The Educational Irish Research Satellite 1 or EIRSAT-1 mission was proposed in response to the European Space Agency (ESA) FYS2 (Fly Your Satellite System 2) call. The proposal was led by University College Dublin (UCD), in collaboration with Queen's University Belfast. The satellite project was one of six selected to go forward in the ESA FYS program in May 2017. The mission passed its PDR (Preliminary Design Review) with both institutions involved. Since CDR (Critical Design Review) in 2018, the mission has been developed and implemented by UCD with the support of ESA Education. The project aims to build, launch and operate the first Irish satellite in space. 

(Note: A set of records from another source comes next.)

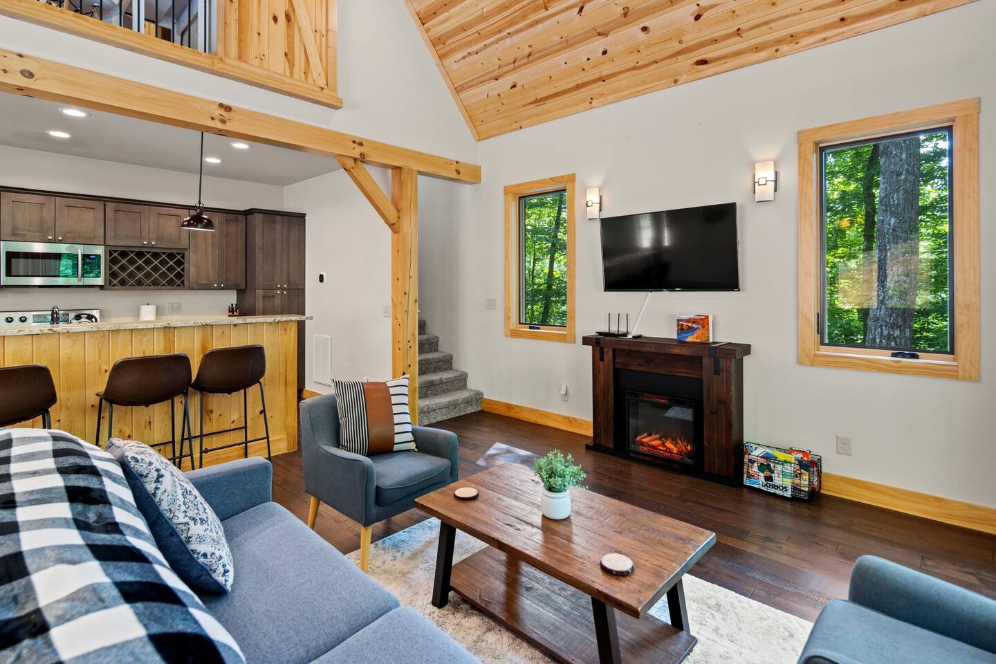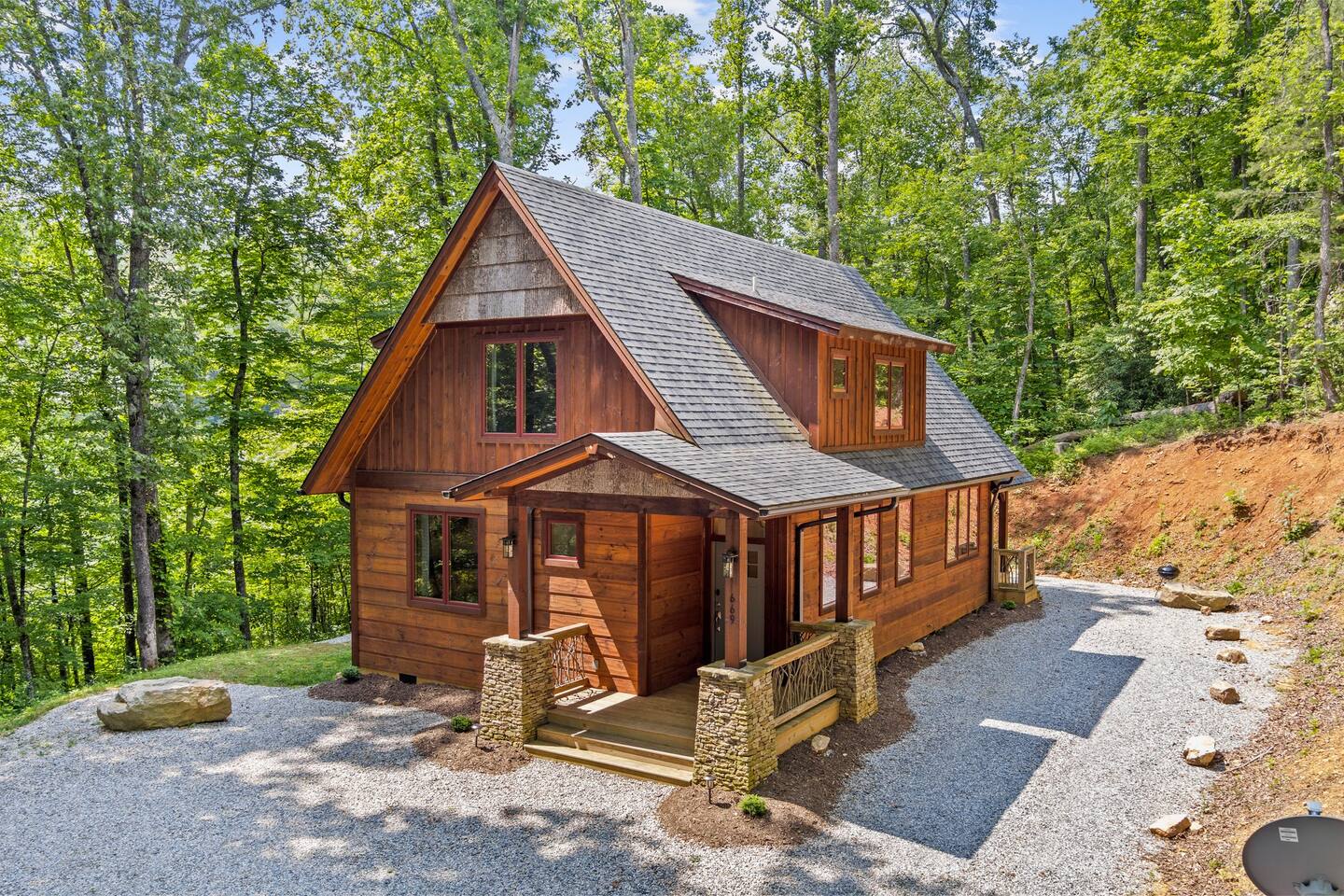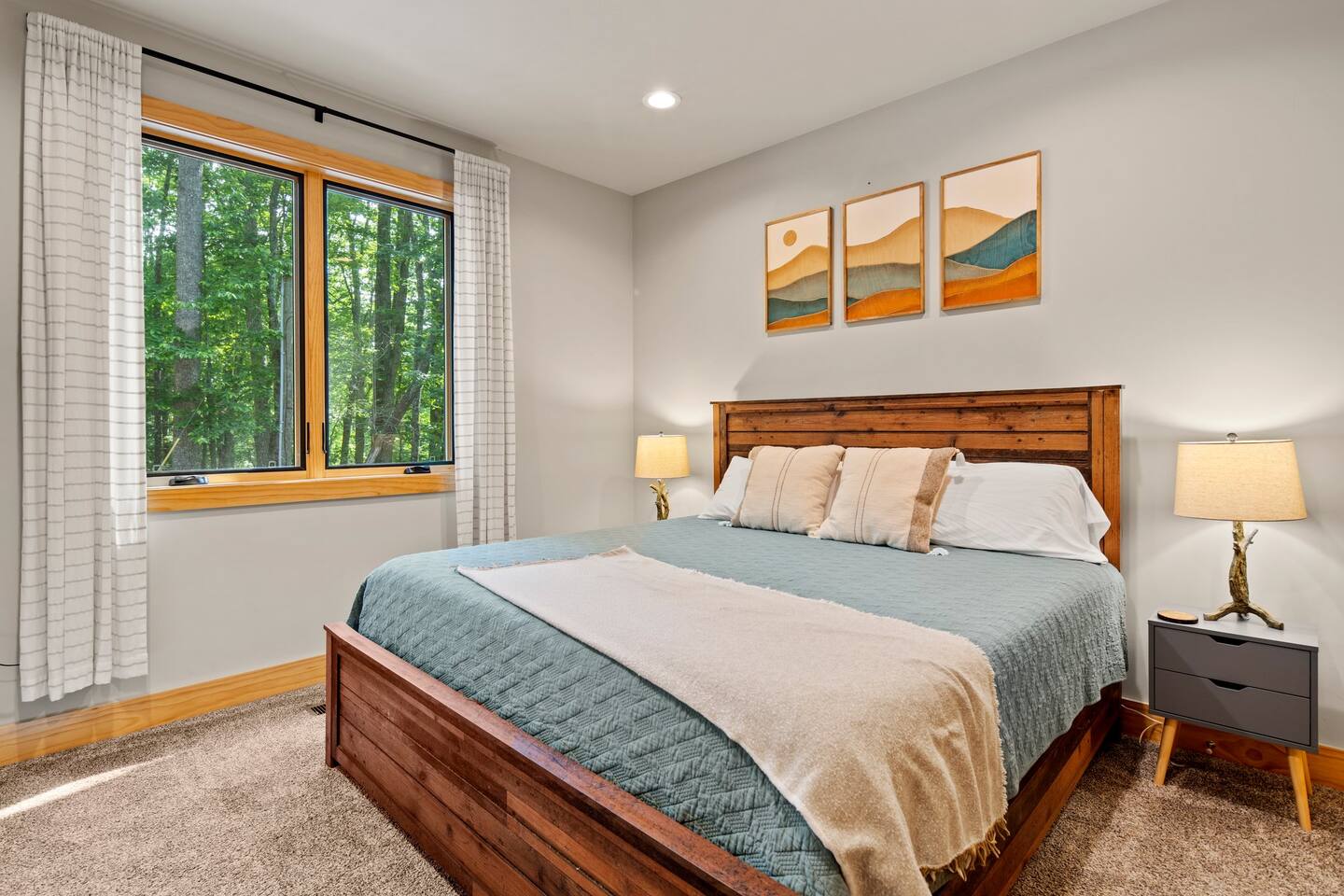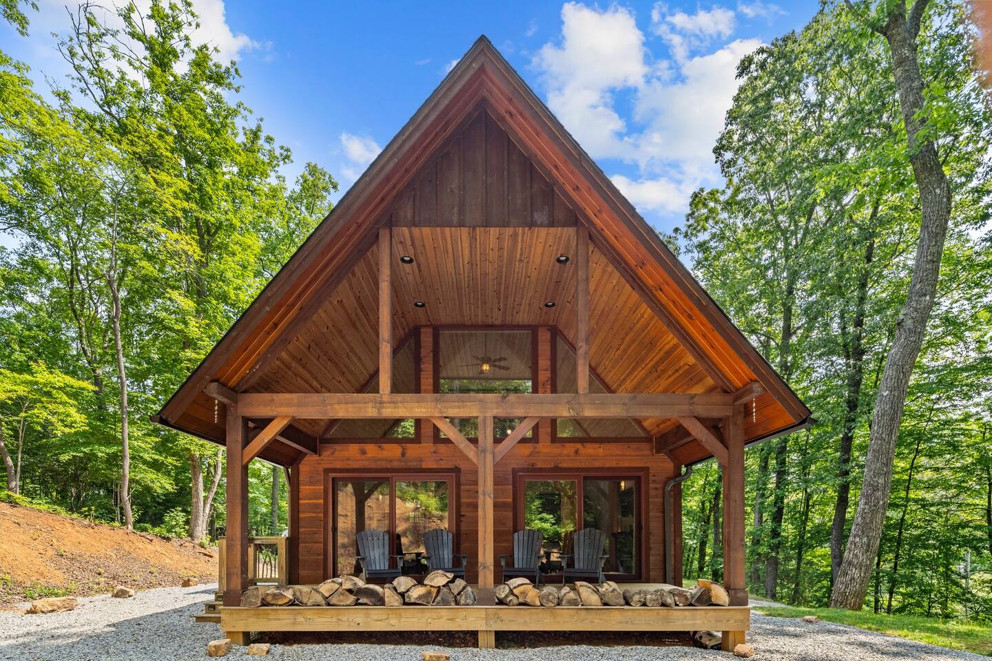 This craftsman-style cabin has a 1st floor primary bedroom with a King bed and en-suite. Two additional bedrooms with Queen beds and a shared bathroom are located upstairs. There is a small overlook from one of the upstairs bedrooms that has sliding doors to allow for privacy or open up to the living room. The kitchen is fully equipped with stainless steel appliances, cookware, dinnerware, spices, tea, drip coffee maker, kid-friendly dishes and more. There is also a washing machine and dryer available for use with detergent. Roku Smart TV’s in every room with cable and streaming capabilities. Outside, enjoy the fire pit or cook dinner on the charcoal grill just off of the covered back deck.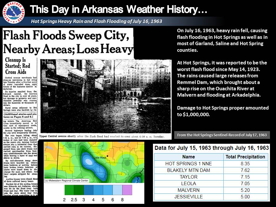 On this day in 1963, heavy rain fell, causing flash flooding in Hot Springs, as well as most of Garland, Saline, and Hot Spring counties. At Hot Springs, it was reported to be the worst flash flood since May 14, 1923.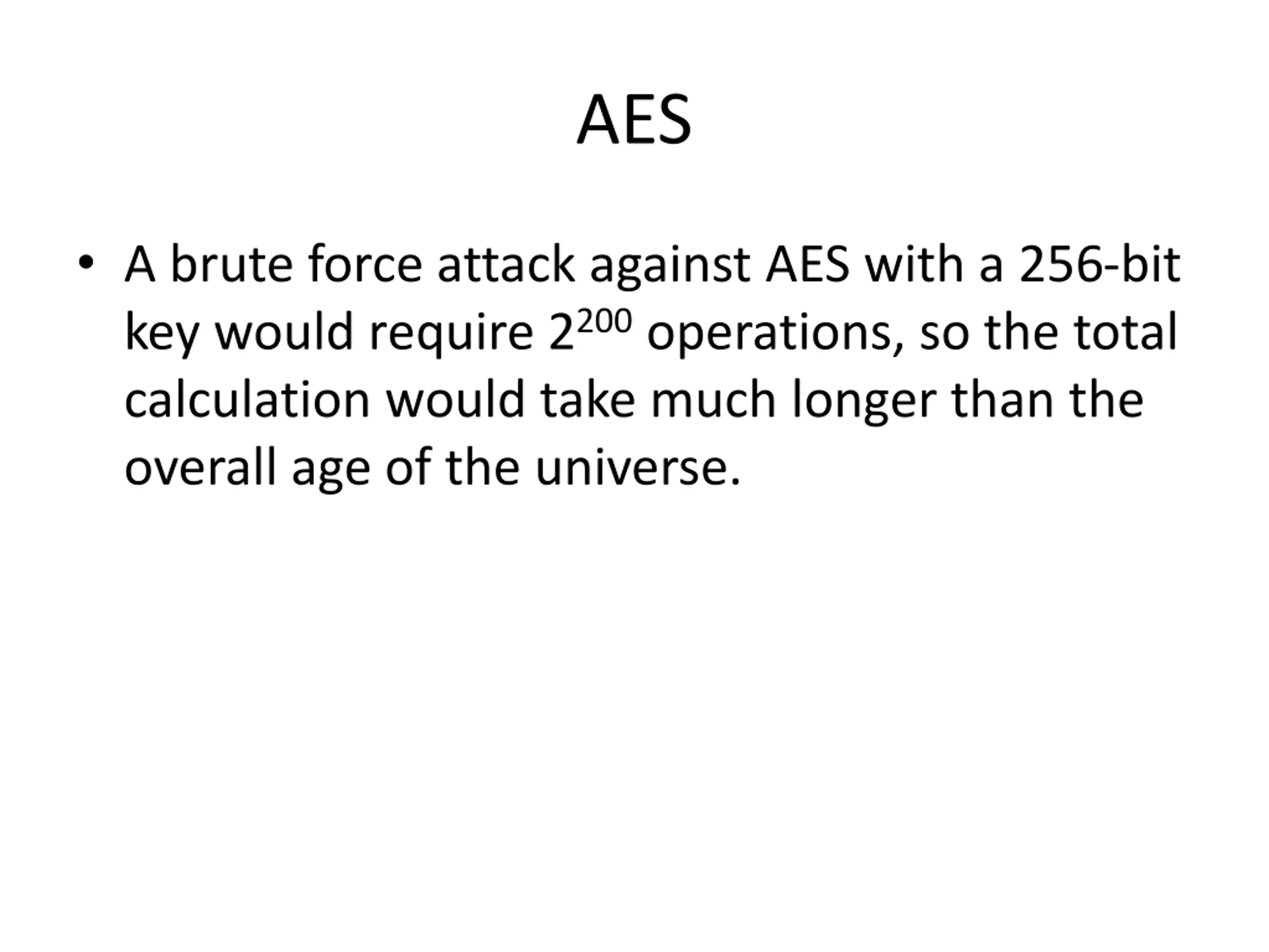 AES A brute force attack against AES with a 256-bit key would require 2200operations, so the total calculation would take much longer than the overall age of the universe.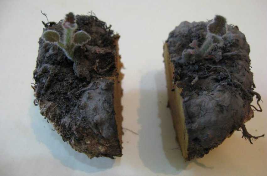 Полученные кусочки клубней нужно поместить во влажный торф и следить за тем, чтобы в процессе укоренения грунт всегда оставался немного влажным. Росткам рекомендуется организовать температурный режим в пределах +9…+11°С.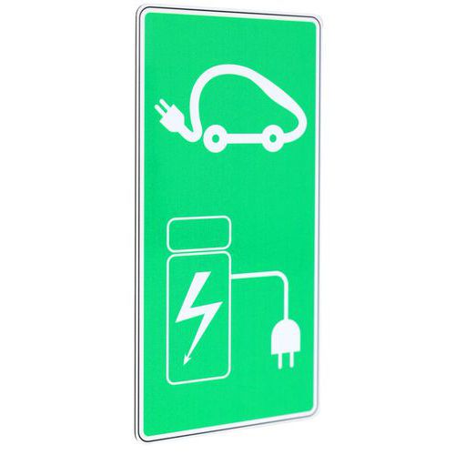 Ideal para aparcamientos y entornos exteriores, para señalizar las zonas de recarga. Su diseño en aluminio ofrece una buena resistencia a la corrosión, lo que garantiza una larga vida útil. Resiste la humedad y las limpiezas periódicas, por lo que es apto para el uso diario. El contraste entre el pictograma del coche eléctrico y el fondo verde permite una lectura rápida, incluso a distancia. Garantiza una señalización clara para organizar los espacios destinados a los vehículos eléctricos.

Among the Irish-based companies providing help are Réaltra, Real Time Technologies, EFJ Engineering, ENBIO and SensL.

Aims 
The mission of EIRSAT-1 is to advance education in space science and engineering across the whole island of Ireland through collaboration between student teams, higher education institutions and high-tech companies.

The objectives of EIRSAT-1 are to:
 develop the know-how of the Irish higher education sector in space science and engineering, by supporting student teams to build, test and operate the satellite;
 address skills shortages in the space sector by fostering collaboration between student teams and industry through the launch of three payloads that will demonstrate innovative Irish technology;
 inspire the next generation of students towards the study of STEM subjects by launching the very first Irish satellite.

Payloads 
EIRSAT-1 will carry three Irish developed experiments, or payloads.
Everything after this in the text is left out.